E outras observações sobre Mackenzie como um molestador sexual. A frase é útil porque "racista" também não era uma palavra do século 18. Como se pode comparar o Mackenzie racista com o Mackenzie molestador de crianças?

Não há dúvidas de que Mackenzie, como quase todos os seus "semelhantes", achava que os brancos eram superiores aos nativos, que seus interesses eram mais importantes que os dos nativos, e que apenas em casos excepcionais um pele-vermelha poderia ter autoridade sobre qualquer pessoa branca. Tudo bem que os exploradores brancos dormissem com as índias, mas era repugnante pensar sobre um índio casando com uma europeia. Mackenzie, em suma, era um racista. Se tivesse sido possível explicar o termo para ele, livre de suas conotações negativas esmagadoras de hoje, ele certamente não negaria o epíteto.

Mas molestador de crianças? Não temos nenhuma evidência de crueldade, de ele ter forçado a menina, ou mesmo a explorado de maneira diferente do que faria com uma mulher mais velha. Podemos hoje achar repugnante que a idade inglesa de consentimento só tivesse passado dos 12 para os 13 anos no final do século 19, mas isso não torna molestadores os homens que se casaram com meninas de 14 anos cem anos antes.

Por outro lado, Lewis Carroll (Charles Dodgson, autor de Alice no País das Maravilhas) era pedófilo? Ele certamente tirou muitas fotografias de meninas nuas, e os registros de seus diários, no qual ele usava o francês "sans habilement", indicam que em seus livros essas não eram fotos comuns. Se, como Anson (1980) afirmou, ele tinha uma grande coleção de materiais pornográficos produzidos por pornógrafos comerciais lúbricos, Lewis Carroll não parece muito diferente do estereótipo contemporâneo do pedófilo. Mas suponha que isso seja apenas uma acusação contra Lewis Carroll. Ele era apenas um professor de matemática na universidade de Oxford, cuja vida de fantasia era povoada por menininhas, uma vida de fantasia que ele realizava tirando muitas fotografias da inocência nua. Se for assim, ele ainda pode ser chamado de pedófilo no sentido literal da palavra: "um adulto que é sexualmente atraído por crianças" (American Heritage Dictionary).
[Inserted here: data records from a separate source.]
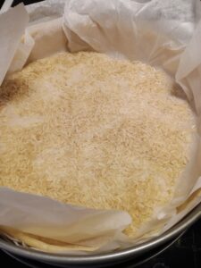 - Teig in die runde Backform geben und einen Rand bis zur Hälfte der Form hochziehen.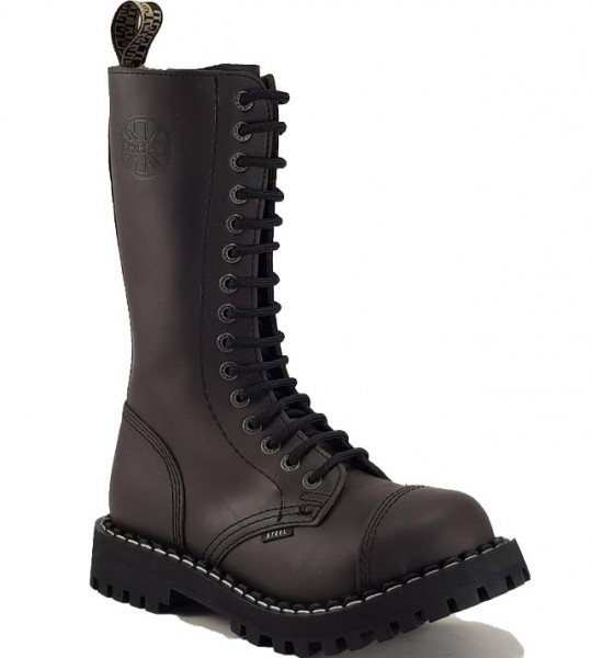 15 Dierkové Topánky Steel Hnedé, kožený kožený zvršok, podrážka z tvrdenej gumy, trojité šitie, oceľová špica, flísová lepená stielka, výška topánky 31 cm podrážka pod pätou 3,72 cm, podrážka pod špicou 2,41 cm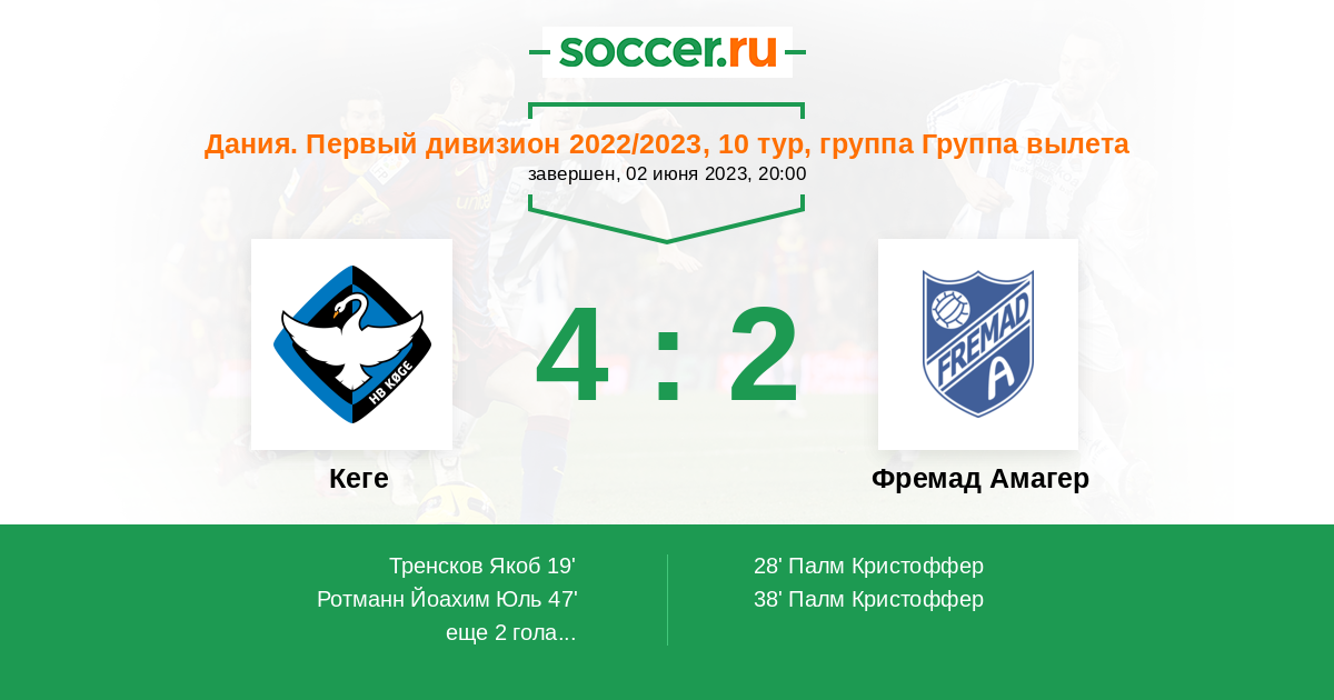 47' (2:2) Ротманн Йоахим Юль (11) (Тренсков Якоб (18))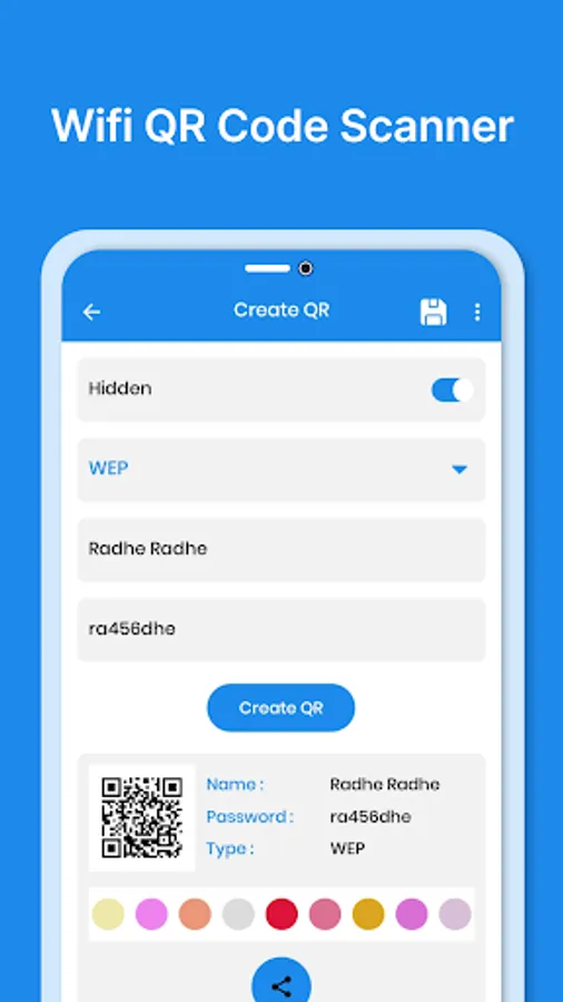 Generate WiFi QR code and customize (QR Code Color, Design, etc). User can sharing QR.

Há, é claro, uma diferença entre chamar Lewis Carroll de pedófilo (tivesse ele ou não acariciado alguém impropriamente) e Mackenzie de racista. Chamar alguém de racista implica pelo menos numa falta de respeito dele pela dignidade dos indivíduos de outras raças. Chamar um homem poderoso, que está em contato constante com outra raça, de racista, implica em que ele tenha causado dano às pessoas mais fracas que encontrou. Podemos ficar satisfeitos em pensar exatamente isso a respeito de Alexander Mackenzie quando ele atravessava a América do Norte de leste a oeste e do centro ao norte. Ficamos satisfeitos em chamar Dodgson de pedófilo? Para a maioria das pessoas, pedófilo não significa o que o dicionário diz que significa. Significa mau, perigoso, monstruoso.

Quando um bloco de um conjunto habitacional descobre que um pedófilo libertado vai se mudar para um apartamento vazio, rebenta um motim. Mas se Dodgson apenas fantasiava, e fotografava meninas pequenas sem sequer implicar em qualquer dano, muitos acharão que ele não causou mal a ninguém, e resistirão às conotações pejorativas de pedofilia.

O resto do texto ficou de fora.